■ **ACTIVITY**
Repeat the lines from the line with "江北新区天华东路小学建设工程" to the line with "TIANNSII-50 piezas de" in the listing below, keeping both end lines and adding nothing.

■ **RECORDS FOR THE TASK**
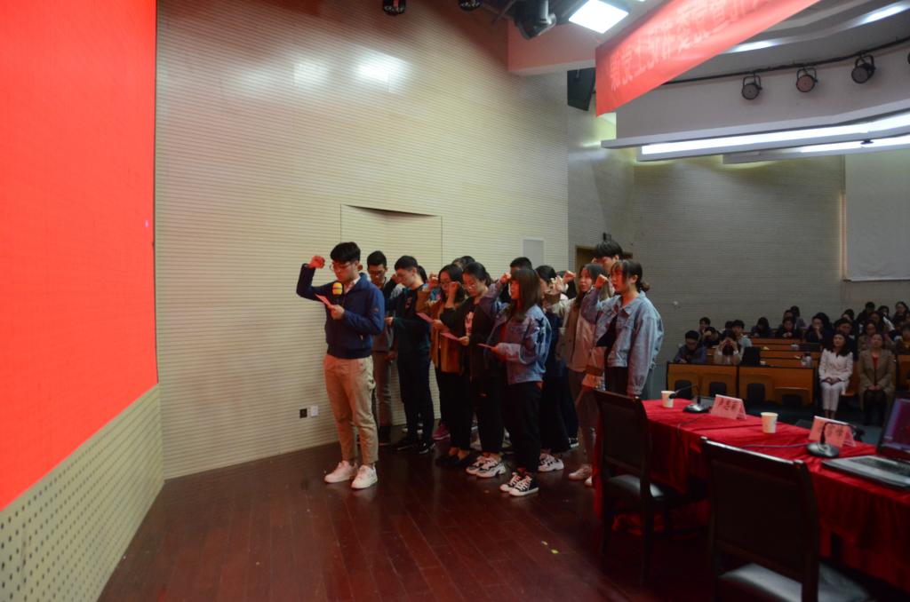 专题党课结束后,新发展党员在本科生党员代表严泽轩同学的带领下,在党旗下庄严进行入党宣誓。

---

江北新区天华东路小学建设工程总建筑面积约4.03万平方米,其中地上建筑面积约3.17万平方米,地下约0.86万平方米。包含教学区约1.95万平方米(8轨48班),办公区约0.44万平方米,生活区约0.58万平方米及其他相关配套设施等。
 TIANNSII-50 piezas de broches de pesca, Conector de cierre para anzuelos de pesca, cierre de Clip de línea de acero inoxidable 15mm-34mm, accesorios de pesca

---

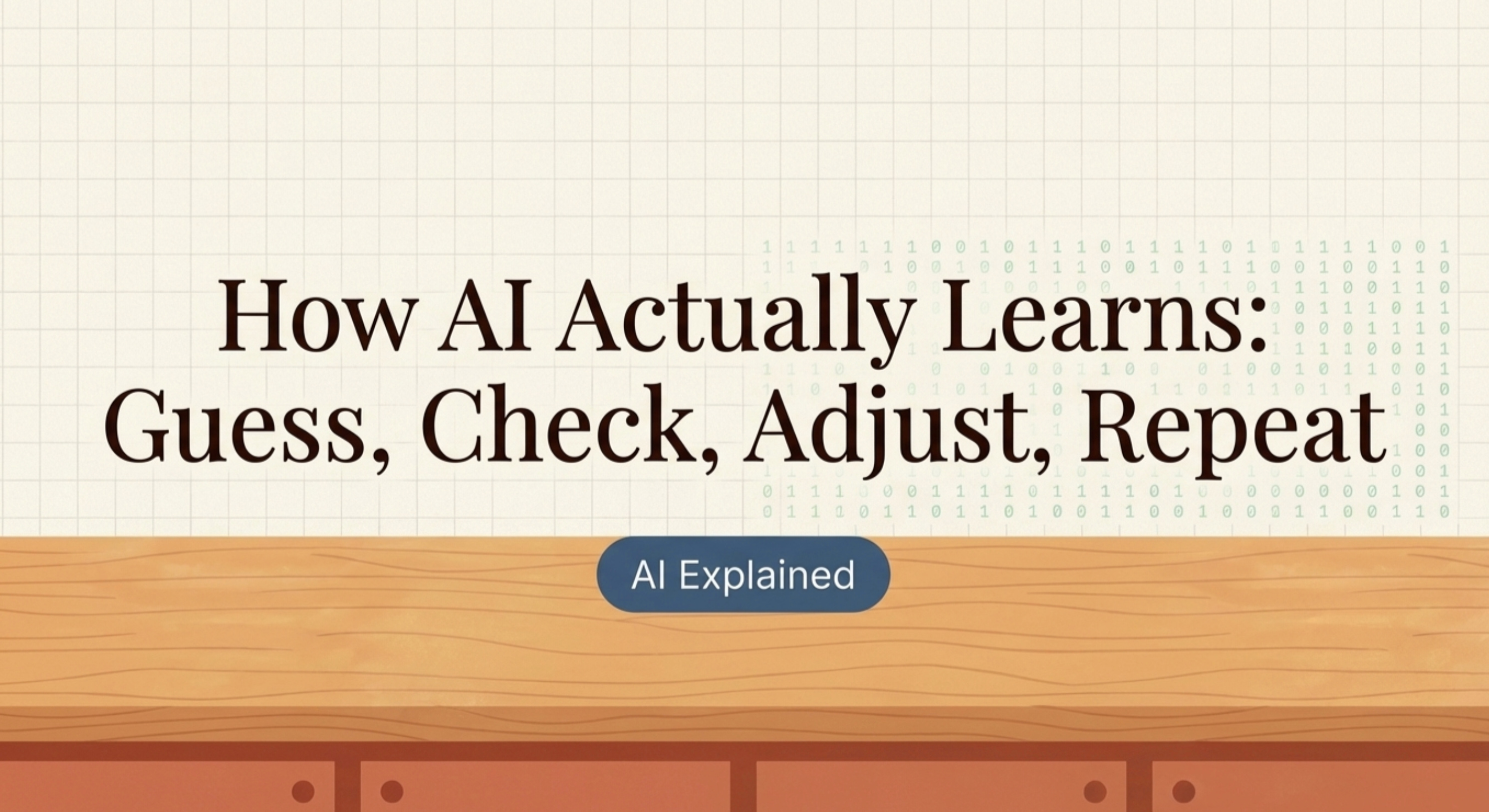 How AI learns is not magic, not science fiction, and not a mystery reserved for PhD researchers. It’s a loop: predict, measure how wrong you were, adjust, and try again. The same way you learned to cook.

■ **YOUR SOLUTION**
江北新区天华东路小学建设工程总建筑面积约4.03万平方米,其中地上建筑面积约3.17万平方米,地下约0.86万平方米。包含教学区约1.95万平方米(8轨48班),办公区约0.44万平方米,生活区约0.58万平方米及其他相关配套设施等。
 TIANNSII-50 piezas de broches de pesca, Conector de cierre para anzuelos de pesca, cierre de Clip de línea de acero inoxidable 15mm-34mm, accesorios de pesca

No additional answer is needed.